Une fois l'offensive lancée par la petite phrase de sayyed Nasrallah, les combattants ont pris d'assaut les grottes dans lesquelles s'étaient installés les éléments armés, menant des combats féroces la nuit, alors que le camp adverse pensait que le Hezbollah ne disposait pas de lunettes nocturnes. Les combattants du Hezbollah sont divisés en petits groupes totalement autonomes qui fonctionnent chacun comme une petite armée (c'est d'ailleurs l'une des leçons de la guerre de 2006). Même les drones ont été utilisés, l'un d'eux a d'ailleurs été abattu par des éléments armés mais il est tombé en zone contrôlée par les combattants du Hezbollah. Trois camps installés par des éléments armés ont été ainsi découverts et démantelés en quelques jours et plus rapidement que prévu, les combattants du Hezbollah ont fait la jonction avec les soldats syriens à Assal el-Ward. Ils sont désormais à la lisière du jurd de Ersal, devant les cerisiers en fleurs en cette saison de l'année et, selon certaines informations, ils auraient pris en otages des chefs de certaines unités combattantes. Cette carte devrait être utilisée en temps voulu par le Hezbollah.

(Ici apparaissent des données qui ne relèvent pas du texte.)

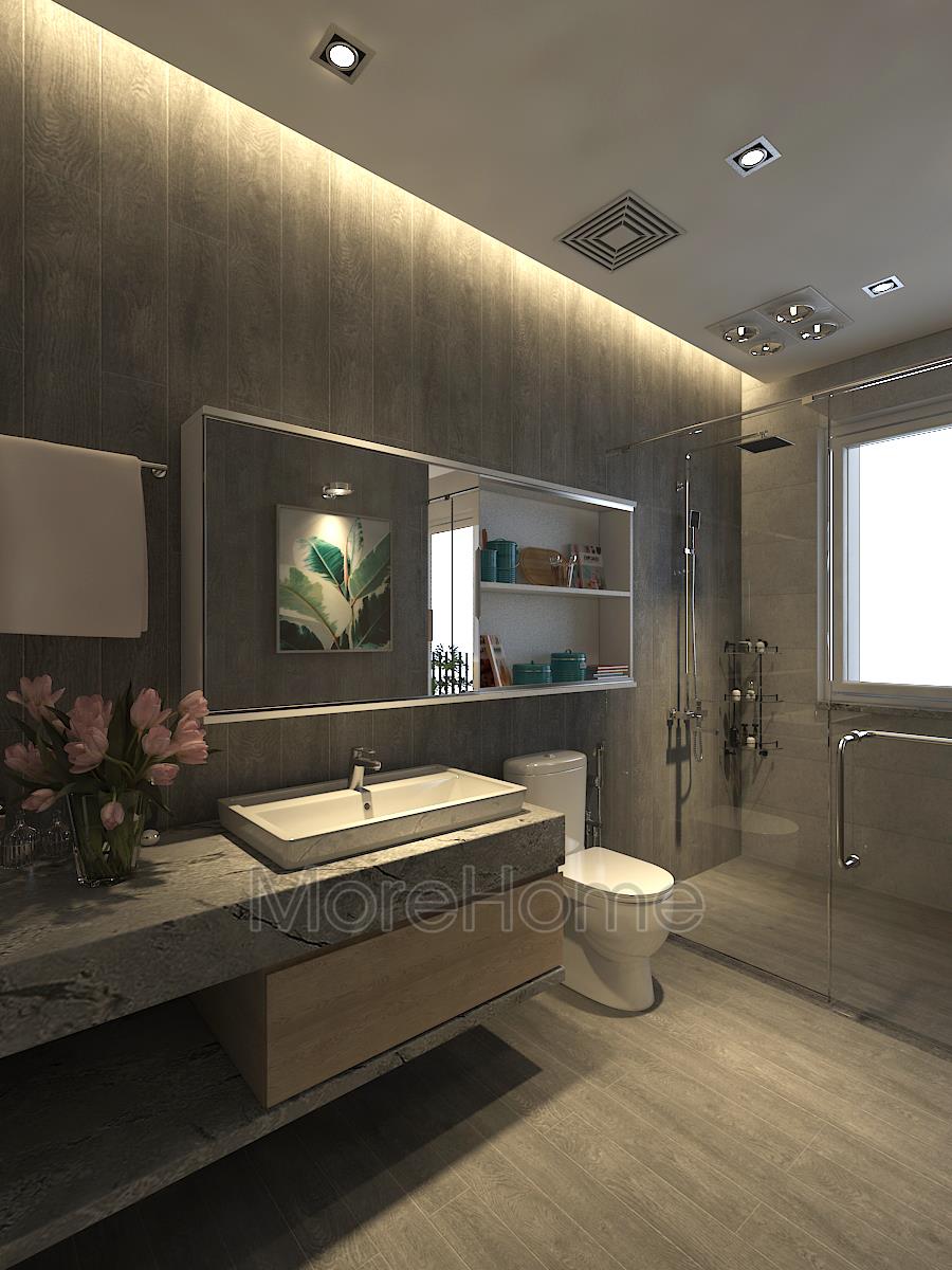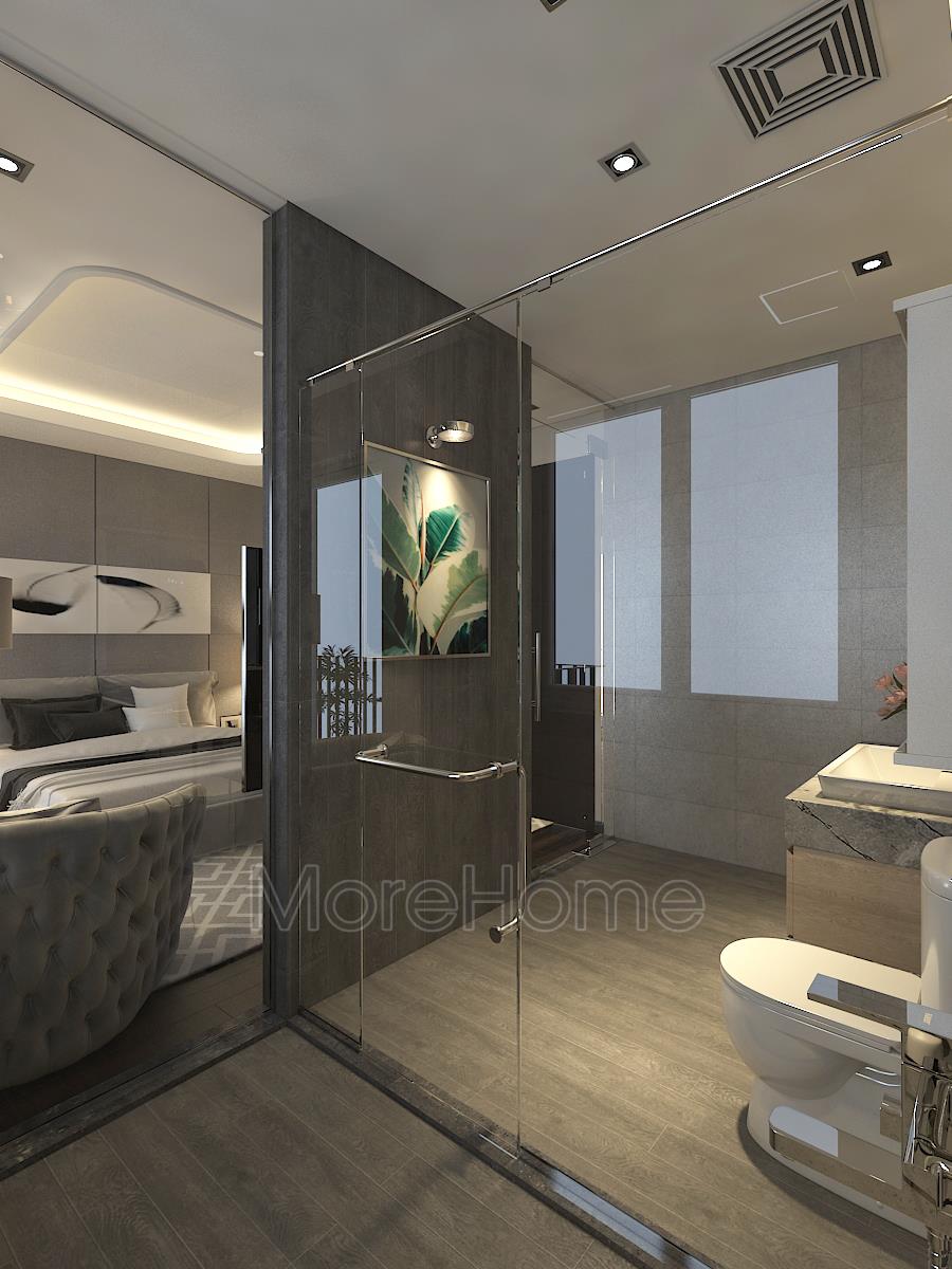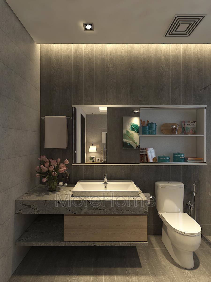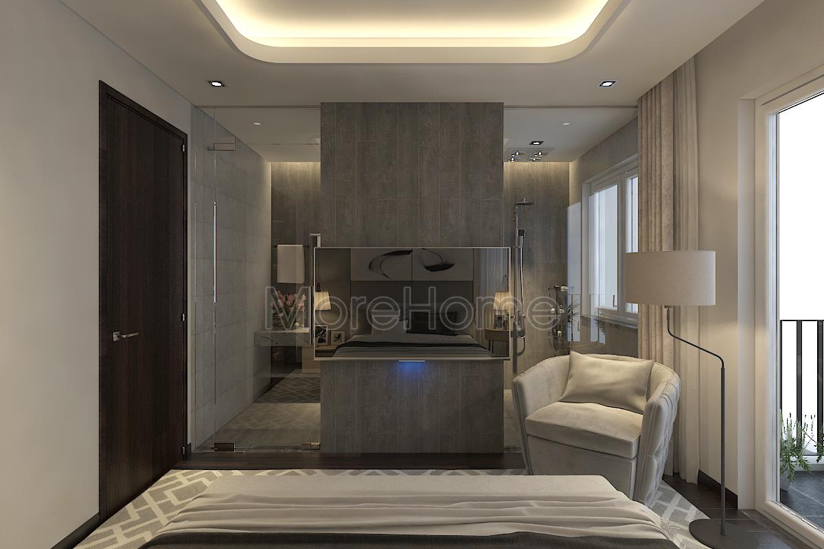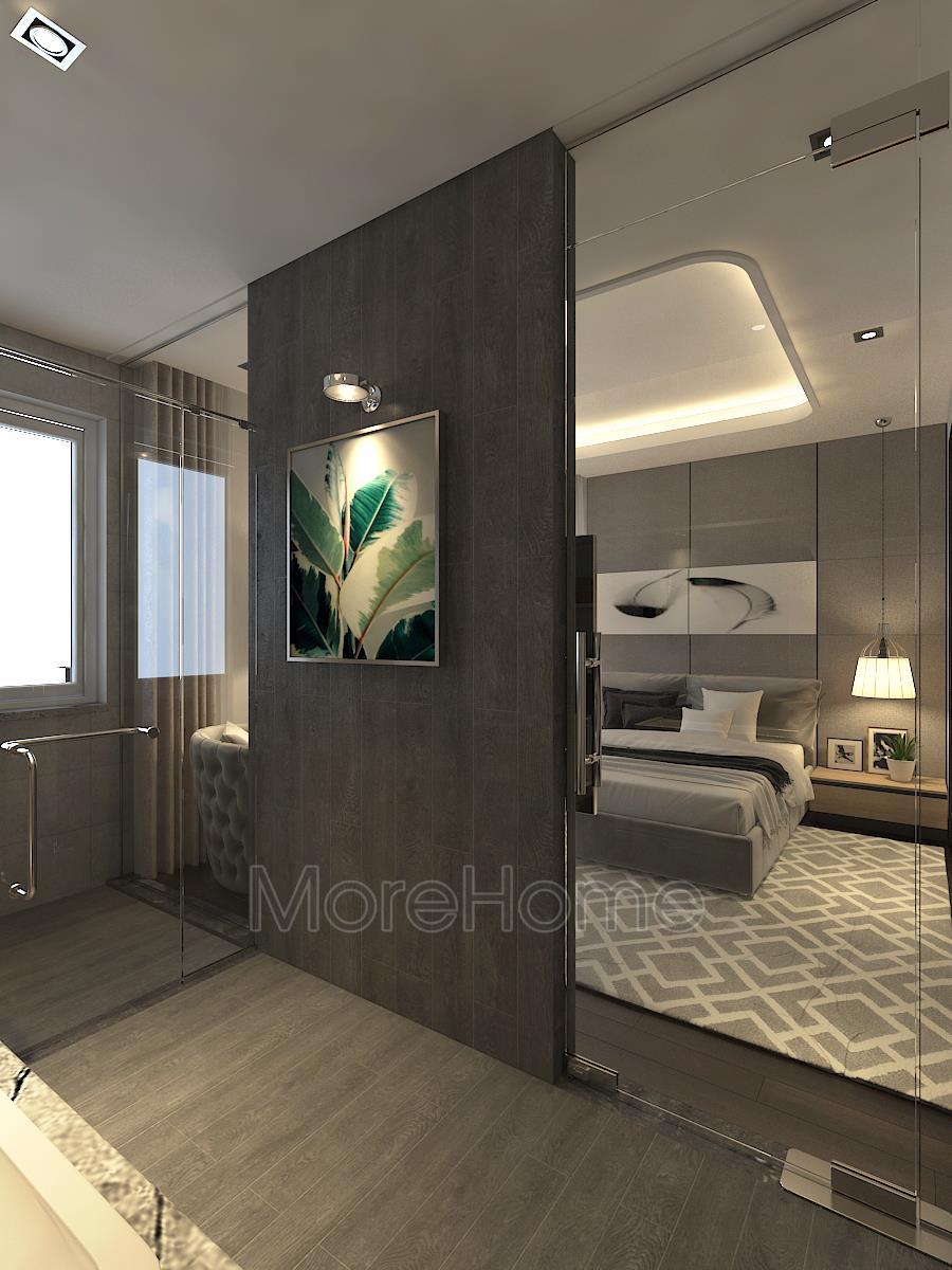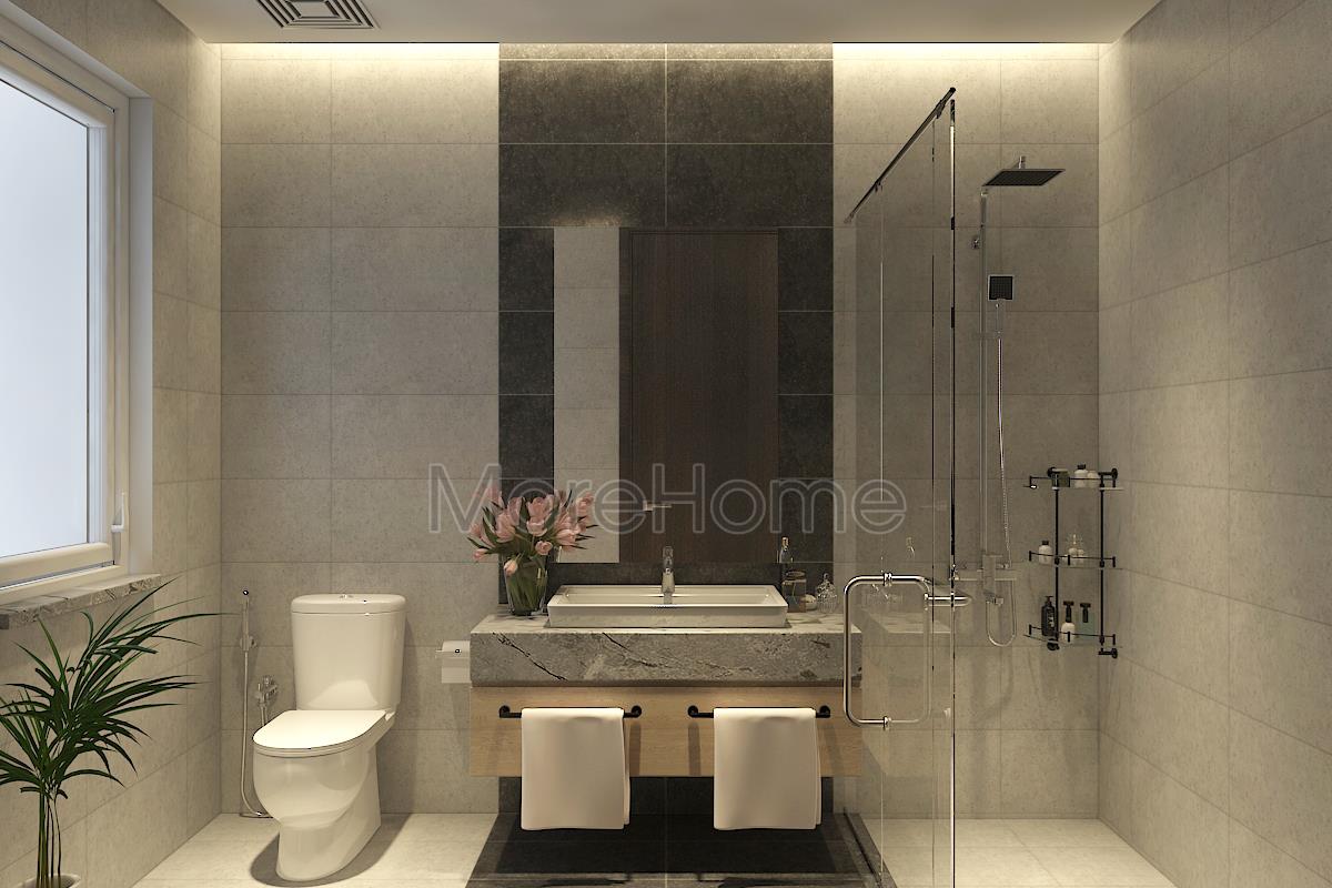 Khác với phòng Master thì phòng ngủ bé được tách rời với phòng tắm. Phòng tắm được thiết kế với vách ngăn kính tiện nghi, hiện đại.

Aujourd'hui, les éléments armés se trouvent devant trois possibilités : la première est de se replier vers la Syrie et de négocier avec les forces du régime une voie de passage vers Raqqa. Selon certaines informations, un tel projet avait été négocié il y a quelques mois, mais les éléments armés voulaient repartir avec leurs armes lourdes et légères et l'armée syrienne s'y est fermement opposée. La seconde possibilité est de poursuivre la bataille jusqu'au bout, quitte à mourir sur place. Quant à la troisième possibilité, elle se résume au fait de se replier vers le Liban. Les deuxième et troisième possibilités peuvent se combiner. Des sources proches du Hezbollah estiment que c'est un scénario probable et c'est la raison pour laquelle sayyed Hassan Nasrallah a déclaré dans son dernier discours que ses combattants sont prêts à agir si l'État ne veut pas assumer ses responsabilités. Par cette phrase, le secrétaire général du Hezbollah est en train de dire qu'il n'y aura pas de « lignes rouges politiques et confessionnelles » dans cette bataille et que sa formation n'acceptera pas que Ersal et son jurd se transforment en abri pour les jihadistes à partir duquel ils pourraient de nouveau menacer le Liban et réveiller les cellules qui y dorment un peu partout.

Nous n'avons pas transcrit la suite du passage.